The trainer explains that the women are trained to use Kalashnikovs, heavy machine guns and grenades, and taught to storm and control checkpoints. “I’m an employee, but I think it’s good to learn how to carry weapons and protect my country,” one of the recruits tells the camera.
The formation of the force comes amid speculation that the regular Syrian army, depleted by defections, desertions and thousands of casualties, is becoming stretched by the effort to suppress Syria’s 22-month-old uprising. According to a report in Britain’s Independent newspaper, the all-female force, named the “Lionesses for National Defence,” is part of an effort to supplement the army with a National Defense Force militia made up of civilian volunteers.

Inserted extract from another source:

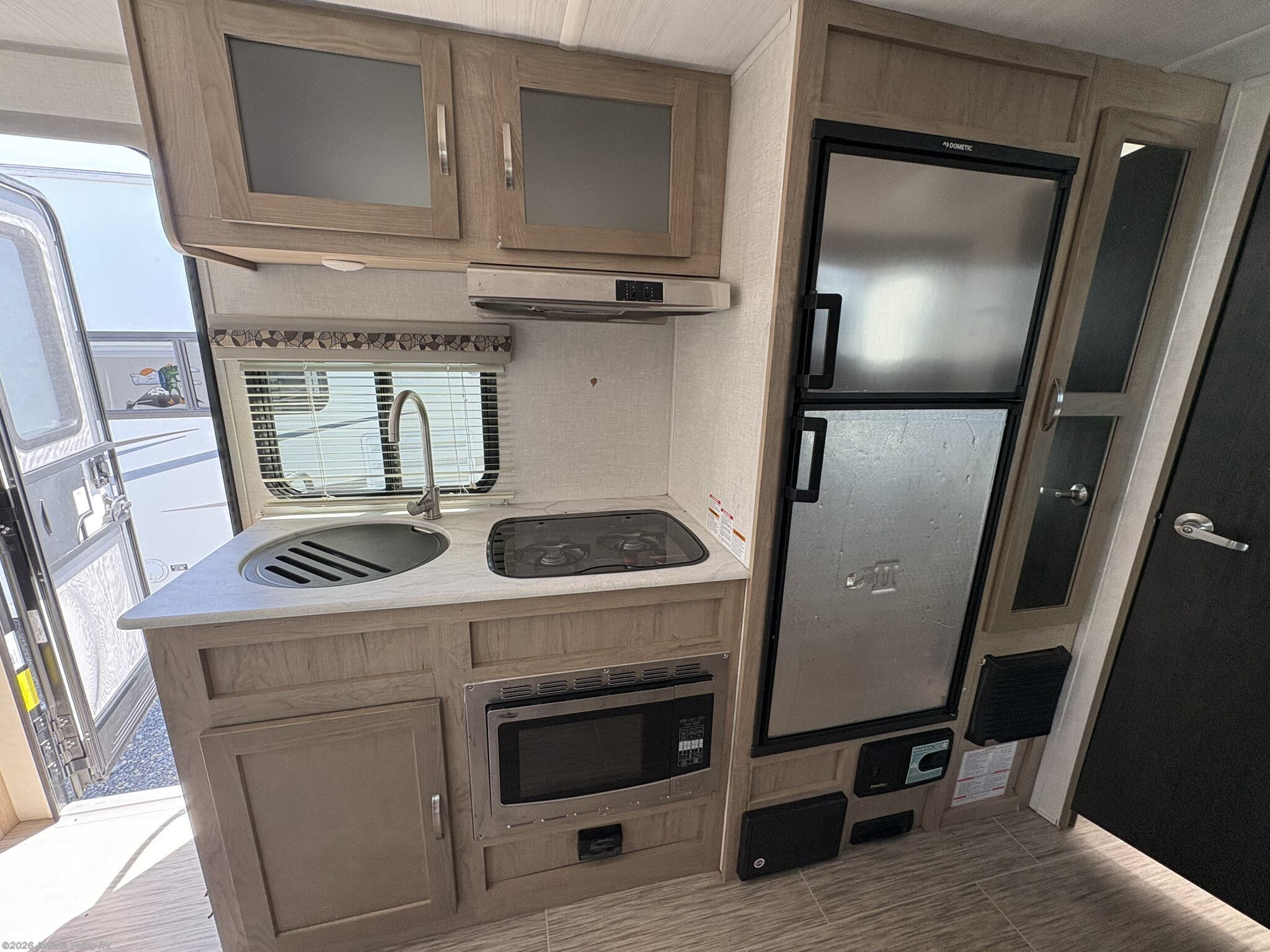 Measuring about 8 feet 0 inches wide and standing 8 feet 9 inches tall, this travel trailer is built for accessible towing and setup. It offers a 30 Amp service connection, self-contained convenience, and includes stabilizer jacks and a power hitch jack for straightforward camping.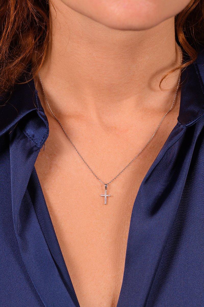 Pendentif Croix du Bonheur - Or blanc et diamants

The women have already been deployed on the streets, and though their duties seem confined to checkpoint control, the frequency of rebel attacks against government checkpoints effectively puts them on the frontline. A blurry video posted by activists shows female soldiers at a checkpoint in Homs, and activists in the city say they are often to be seen guarding pro-regime neighborhoods, focusing their attention on women wearing headscarves.
“They force women out of cars with deliberate roughness, rip off their veils and scream insults at them,” said Majd Amer, the pseudonym of an activist in Homs interviewed by Skype. “They treat them like they are female terrorists. They call them al-Qaeda … and say, ‘the veil won’t protect you.’”
Assad’s regime repeatedly emphasizes its secular roots in the battle against an increasingly Sunni Islamist rebellion, helping sustain the support of minorities such as the Christians and his own Alawite sect, but also further accentuating the country’s sectarian divide. A woman wearing a headscarf would be assumed to be Sunni, and therefore fall under suspicion as a possible supporter of the revolution.
Likewise, said Amer, “It is impossible that a lady wearing the veil would join this militia.”
The Independent likens the “Lionesses” to the female bodyguards maintained by the late Libyan leader Col. Moammar Gaddafi, who was as notoriously fond of surrounding himself with women as he was of persecuting Islamists.
It is not, however, the first time Syrian women have served in the military. A bizarre video dating back to the 1980s shows a platoon of female soldiers biting the heads off live snakes at a military parade in front of Assad’s father and predecessor, President Hafez al-Assad. The women then don aprons, barbecue the snakes and eat them.
The video surfaced last year after former U.S. Defense Secretary Donald Rumsfeld reportedly posted it on his Web site, saying it had been given to him by the former Iraqi dictator Saddam Hussein – a sworn foe of Assad – during a secret visit he made to Baghdad in 1983 as Mideast envoy.